Personal information
- Nickname: Joni
- Born: Jonathan Pollock 11 May 1977 (age 49) Liverpool, England

Sport
- Country: Great Britain
- Sport: Wheelchair basketball
- Event: Men's team
- Club: Widnes Raiders, UK; Oldham Owls, UK; Greenbank Academy, UK; C.D Fundosa Once, Spain; Wolves Rhinos, UK; RGK Panthers, UK; Sheffield Steelers, UK; Sydney WheelKings, Australia; Tabu Cantu, Italy; Once Sevilla, Spain;
- Team: Bulldogs

Medal record
Wheelchair basketball
Representing United Kingdom
Paralympic Games
| Bronze medal – third place | 2004 Athens | Team |
| Bronze medal – third place | 2008 Beijing | Team |

= Jon Pollock =

British wheelchair basketball player (born 1977)
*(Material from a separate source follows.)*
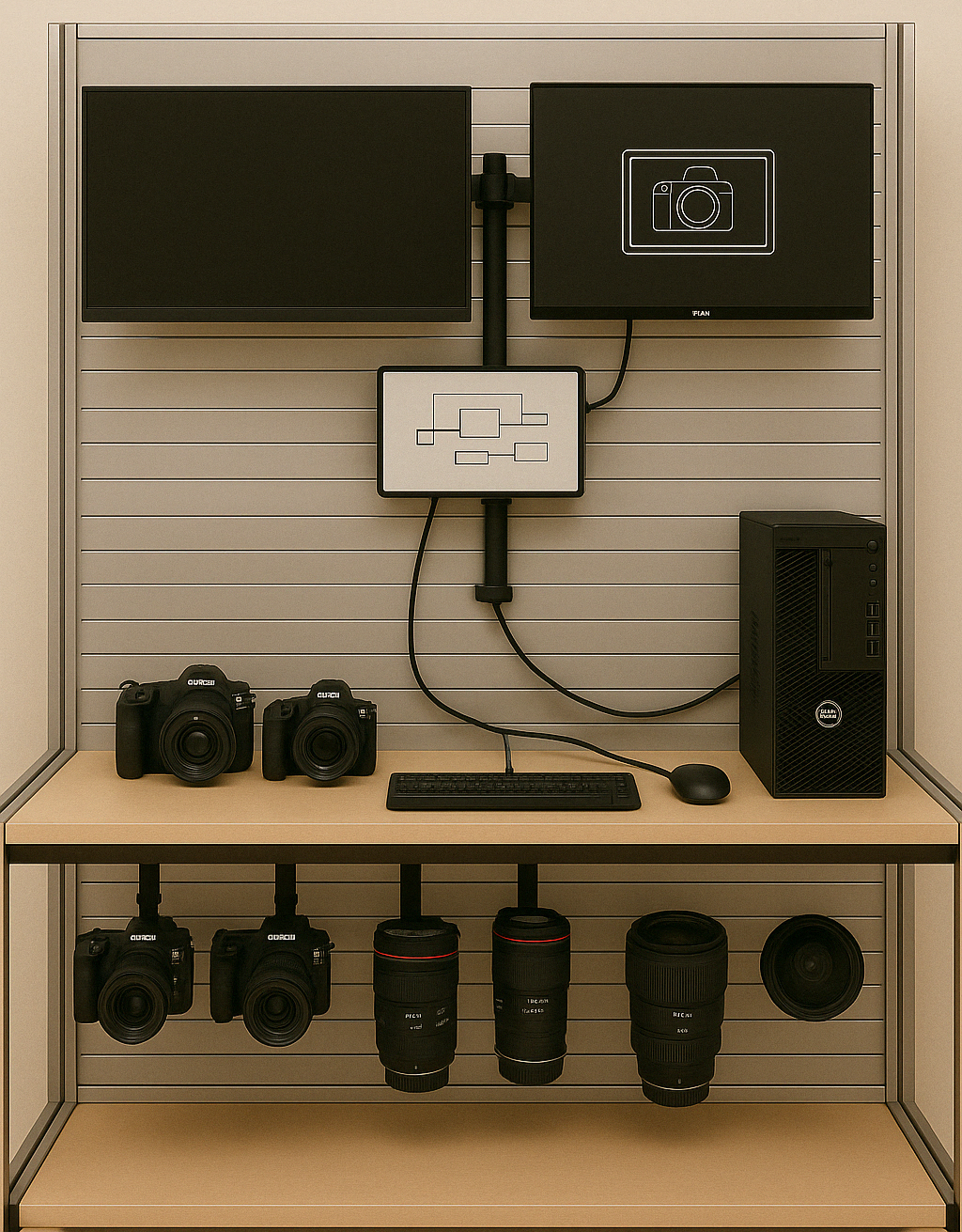 The Photo Studio Training Stand is designed to provide students with practical skills in photography, studio lighting, and image processing. The system covers the entire photography workflow — from image capture to review and analysis — using professional computer equipment.

Jon Pollock (born 11 May 1977) is a British wheelchair basketball player. He was selected to train with the British wheelchair basketball squad in 1993. Pollock has played at four Paralympic games: the 2000 Summer Paralympics in Sydney, the 2004 Summer Paralympics in Athens, the 2008 Summer Paralympics in Beijing, and the 2012 Summer Paralympics in London. He won a bronze medal at the 2004 and the 2008 Paralympics.

==Personal life==
Pollock was born on 11 May 1977 in Liverpool, England, with spina bifida, a developmental congenital disorder. He currently lives in Wigan, Greater Manchester, in north west England.

==Wheelchair basketball==
Pollock was a class 2.5 wheelchair basketball player and point/shooting guard. He has been competing in wheelchair basketball for twenty years. In his twenty-year career, he has represented Team GB and Paralympics GB four times at various Summer Paralympic Games.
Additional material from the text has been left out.